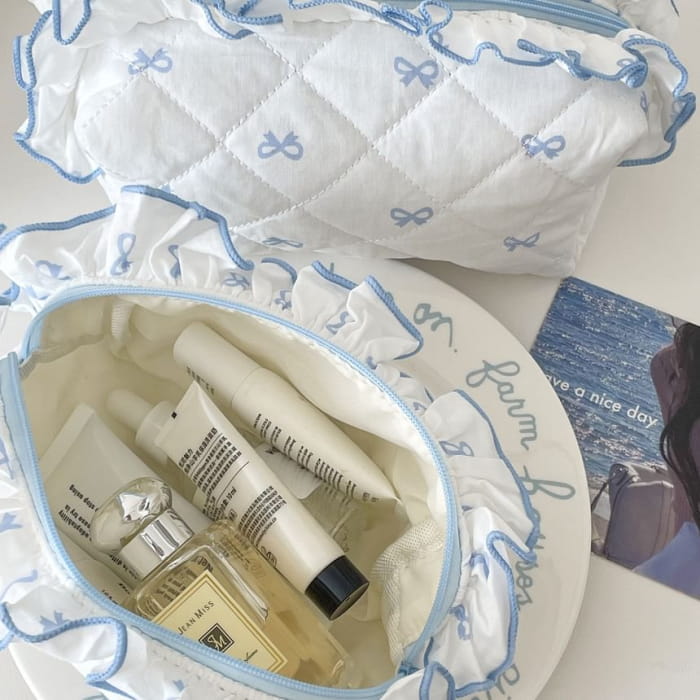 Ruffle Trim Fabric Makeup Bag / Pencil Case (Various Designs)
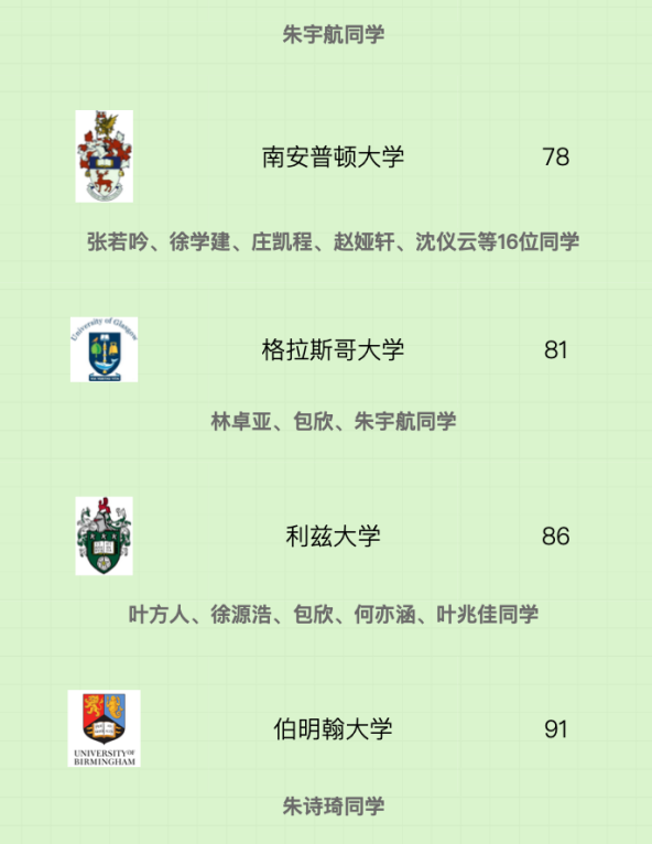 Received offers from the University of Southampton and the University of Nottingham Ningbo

==

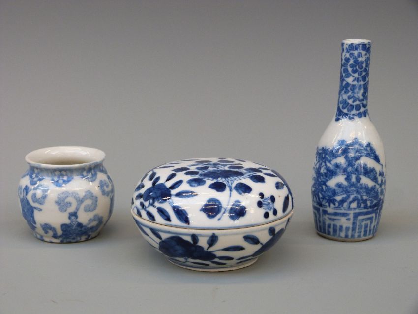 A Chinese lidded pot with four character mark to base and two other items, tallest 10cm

--

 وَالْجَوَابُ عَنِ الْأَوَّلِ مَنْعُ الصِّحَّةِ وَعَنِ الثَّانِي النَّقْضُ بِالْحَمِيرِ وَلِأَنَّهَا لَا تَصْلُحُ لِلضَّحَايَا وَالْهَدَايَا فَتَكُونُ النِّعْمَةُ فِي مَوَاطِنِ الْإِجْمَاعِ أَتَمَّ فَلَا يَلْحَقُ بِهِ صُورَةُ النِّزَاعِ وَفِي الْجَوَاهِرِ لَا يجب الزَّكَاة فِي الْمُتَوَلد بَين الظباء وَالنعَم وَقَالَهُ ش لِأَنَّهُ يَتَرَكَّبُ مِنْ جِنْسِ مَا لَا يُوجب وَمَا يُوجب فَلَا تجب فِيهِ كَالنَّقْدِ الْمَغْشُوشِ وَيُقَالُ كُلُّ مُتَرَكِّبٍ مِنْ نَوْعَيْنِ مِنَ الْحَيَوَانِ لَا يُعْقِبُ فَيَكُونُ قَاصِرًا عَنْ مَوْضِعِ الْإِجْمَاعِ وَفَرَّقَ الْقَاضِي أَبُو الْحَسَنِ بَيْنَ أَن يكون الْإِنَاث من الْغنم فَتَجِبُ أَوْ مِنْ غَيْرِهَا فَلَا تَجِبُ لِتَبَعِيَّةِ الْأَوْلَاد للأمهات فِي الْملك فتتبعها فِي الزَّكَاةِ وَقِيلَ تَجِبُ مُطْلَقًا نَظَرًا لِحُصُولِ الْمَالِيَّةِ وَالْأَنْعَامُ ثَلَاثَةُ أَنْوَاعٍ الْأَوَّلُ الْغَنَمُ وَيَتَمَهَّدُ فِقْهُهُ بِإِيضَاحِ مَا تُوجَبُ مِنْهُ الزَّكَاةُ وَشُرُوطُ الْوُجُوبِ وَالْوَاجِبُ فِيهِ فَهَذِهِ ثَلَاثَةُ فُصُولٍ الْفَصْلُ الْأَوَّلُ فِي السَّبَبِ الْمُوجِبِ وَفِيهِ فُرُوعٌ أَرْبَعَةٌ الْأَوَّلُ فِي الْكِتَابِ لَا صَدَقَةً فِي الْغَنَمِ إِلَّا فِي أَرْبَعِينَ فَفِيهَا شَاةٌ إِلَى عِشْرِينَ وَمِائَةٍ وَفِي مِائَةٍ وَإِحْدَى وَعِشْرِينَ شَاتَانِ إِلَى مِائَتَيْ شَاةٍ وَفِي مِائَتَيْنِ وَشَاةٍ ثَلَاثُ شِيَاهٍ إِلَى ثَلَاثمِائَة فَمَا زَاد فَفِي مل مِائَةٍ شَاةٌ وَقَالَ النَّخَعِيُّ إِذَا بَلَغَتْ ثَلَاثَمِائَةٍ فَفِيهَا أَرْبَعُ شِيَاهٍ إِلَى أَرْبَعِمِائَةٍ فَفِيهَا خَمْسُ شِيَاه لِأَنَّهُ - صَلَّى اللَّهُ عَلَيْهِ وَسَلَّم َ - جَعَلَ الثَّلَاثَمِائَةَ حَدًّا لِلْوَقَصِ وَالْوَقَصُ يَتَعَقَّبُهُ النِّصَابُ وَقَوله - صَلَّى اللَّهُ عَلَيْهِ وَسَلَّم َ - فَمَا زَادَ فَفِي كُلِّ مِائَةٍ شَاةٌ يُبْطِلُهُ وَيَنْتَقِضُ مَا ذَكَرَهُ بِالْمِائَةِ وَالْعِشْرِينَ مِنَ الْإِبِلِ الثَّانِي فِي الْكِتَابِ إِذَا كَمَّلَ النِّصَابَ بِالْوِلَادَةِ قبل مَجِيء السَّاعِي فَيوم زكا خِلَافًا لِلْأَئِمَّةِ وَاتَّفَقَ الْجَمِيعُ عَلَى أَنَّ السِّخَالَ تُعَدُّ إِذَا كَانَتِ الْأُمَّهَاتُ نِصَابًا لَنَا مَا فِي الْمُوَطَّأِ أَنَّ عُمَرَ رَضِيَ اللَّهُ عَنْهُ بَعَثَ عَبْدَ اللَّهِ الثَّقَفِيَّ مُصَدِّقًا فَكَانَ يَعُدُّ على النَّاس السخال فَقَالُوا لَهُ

# What to work on
Print, exactly and with no pictures, the lines of the listing above starting at the one that has "Ruffle Trim Fabric" and ending at the one that has "Received offers from", both included.

# Solution for this task
 Ruffle Trim Fabric Makeup Bag / Pencil Case (Various Designs)
 Received offers from the University of Southampton and the University of Nottingham Ningbo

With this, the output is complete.